ACTION ITEM: Only the text should come through, so restate the listing exactly and drop its images.

SUPPLIED INFORMATION:

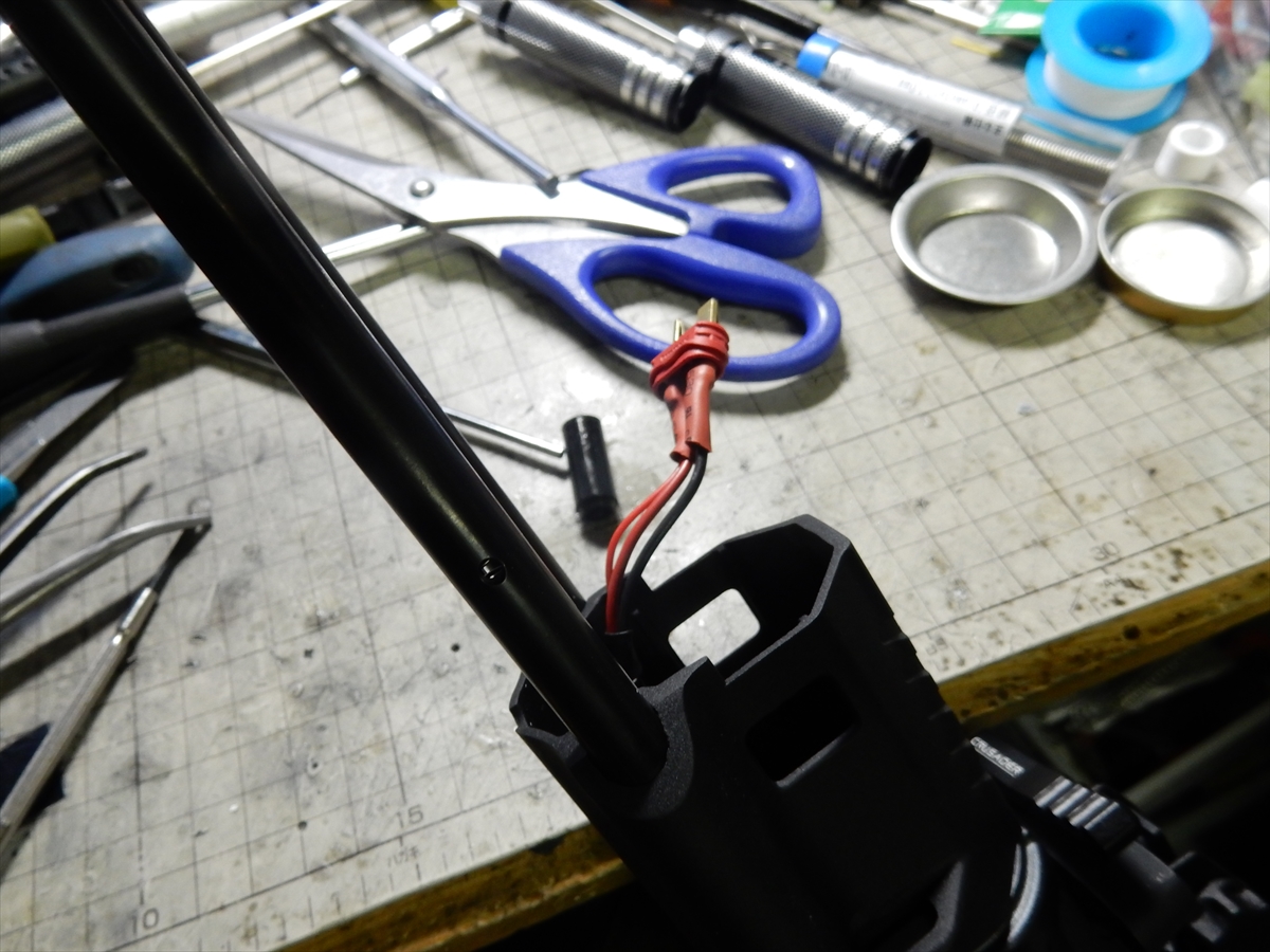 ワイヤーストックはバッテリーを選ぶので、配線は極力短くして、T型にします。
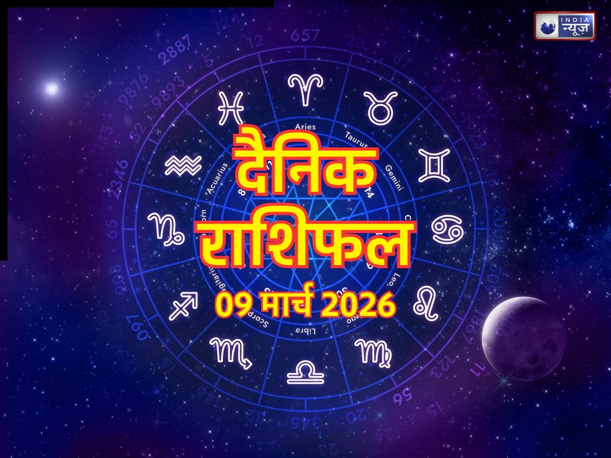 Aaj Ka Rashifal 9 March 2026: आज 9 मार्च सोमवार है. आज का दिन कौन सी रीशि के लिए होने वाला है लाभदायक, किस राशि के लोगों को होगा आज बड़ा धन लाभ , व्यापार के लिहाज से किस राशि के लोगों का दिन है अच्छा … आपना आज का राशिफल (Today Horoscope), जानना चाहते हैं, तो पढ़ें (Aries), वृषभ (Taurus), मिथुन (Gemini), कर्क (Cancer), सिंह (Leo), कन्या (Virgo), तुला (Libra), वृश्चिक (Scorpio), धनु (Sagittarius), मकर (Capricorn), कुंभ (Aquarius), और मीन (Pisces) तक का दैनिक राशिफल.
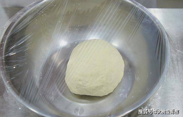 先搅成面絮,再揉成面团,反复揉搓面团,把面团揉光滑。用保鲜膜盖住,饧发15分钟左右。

ANSWER TO THIS PROBLEM:
 ワイヤーストックはバッテリーを選ぶので、配線は極力短くして、T型にします。
 Aaj Ka Rashifal 9 March 2026: आज 9 मार्च सोमवार है. आज का दिन कौन सी रीशि के लिए होने वाला है लाभदायक, किस राशि के लोगों को होगा आज बड़ा धन लाभ , व्यापार के लिहाज से किस राशि के लोगों का दिन है अच्छा … आपना आज का राशिफल (Today Horoscope), जानना चाहते हैं, तो पढ़ें (Aries), वृषभ (Taurus), मिथुन (Gemini), कर्क (Cancer), सिंह (Leo), कन्या (Virgo), तुला (Libra), वृश्चिक (Scorpio), धनु (Sagittarius), मकर (Capricorn), कुंभ (Aquarius), और मीन (Pisces) तक का दैनिक राशिफल.
 先搅成面絮,再揉成面团,反复揉搓面团,把面团揉光滑。用保鲜膜盖住,饧发15分钟左右。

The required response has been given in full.